Each line below must be set down exactly; omit any image you find.

— Provided material —
[Start of section]
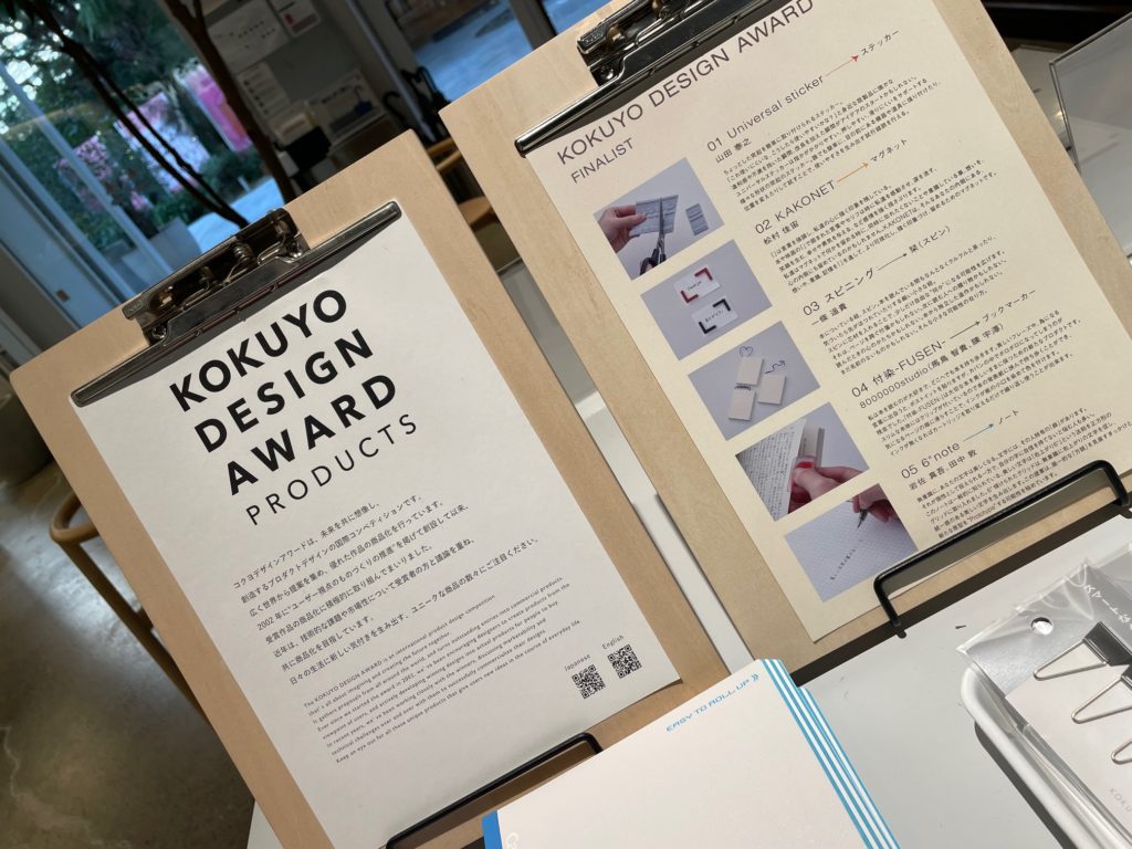 コクヨデザインアワードプロダクツ(KOKUYO DESIGN AWARD PRODUCTS)。コクヨさん主催のプロダクトデザインの国際コンペから、実際に製品化されたアイテムたちも紹介されていました。私も以前紹介させていただきました、カドが28個もある「カドケシ」もこのコンペから生まれたのですね! この日は私も過去アワード受賞アイテムをひとつ購入させていただきました!
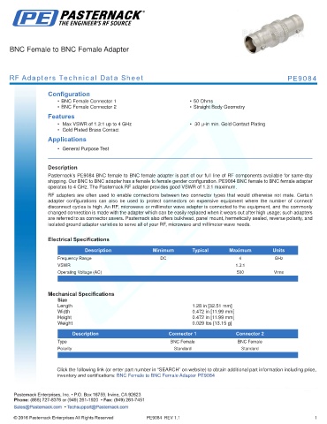 RF Adapters Technical Data Sheet PE9084
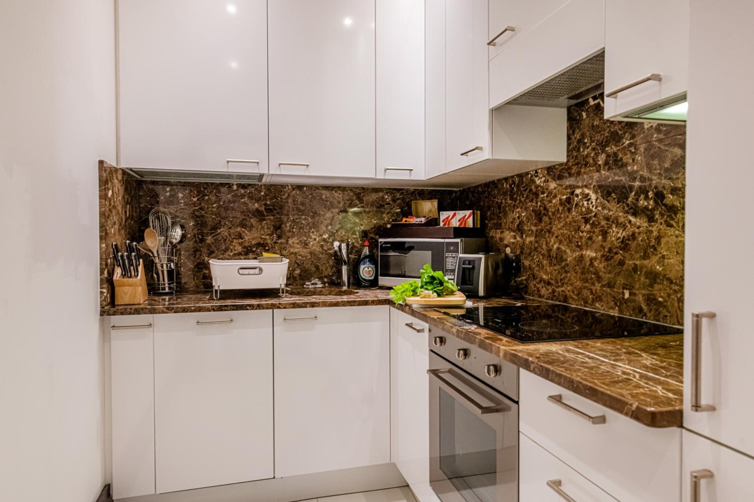 Excellent staff, very accommodating. Room was great. Be careful when you are booking. Not all 2 beds have 2 baths. The location was great. The apartment was well maintained and very easy access from both Gloucester and South Kensington. Kitchen was a both small, overall a great experience.
[End of section]
— Your response —
 コクヨデザインアワードプロダクツ(KOKUYO DESIGN AWARD PRODUCTS)。コクヨさん主催のプロダクトデザインの国際コンペから、実際に製品化されたアイテムたちも紹介されていました。私も以前紹介させていただきました、カドが28個もある「カドケシ」もこのコンペから生まれたのですね! この日は私も過去アワード受賞アイテムをひとつ購入させていただきました!
 RF Adapters Technical Data Sheet PE9084
 Excellent staff, very accommodating. Room was great. Be careful when you are booking. Not all 2 beds have 2 baths. The location was great. The apartment was well maintained and very easy access from both Gloucester and South Kensington. Kitchen was a both small, overall a great experience.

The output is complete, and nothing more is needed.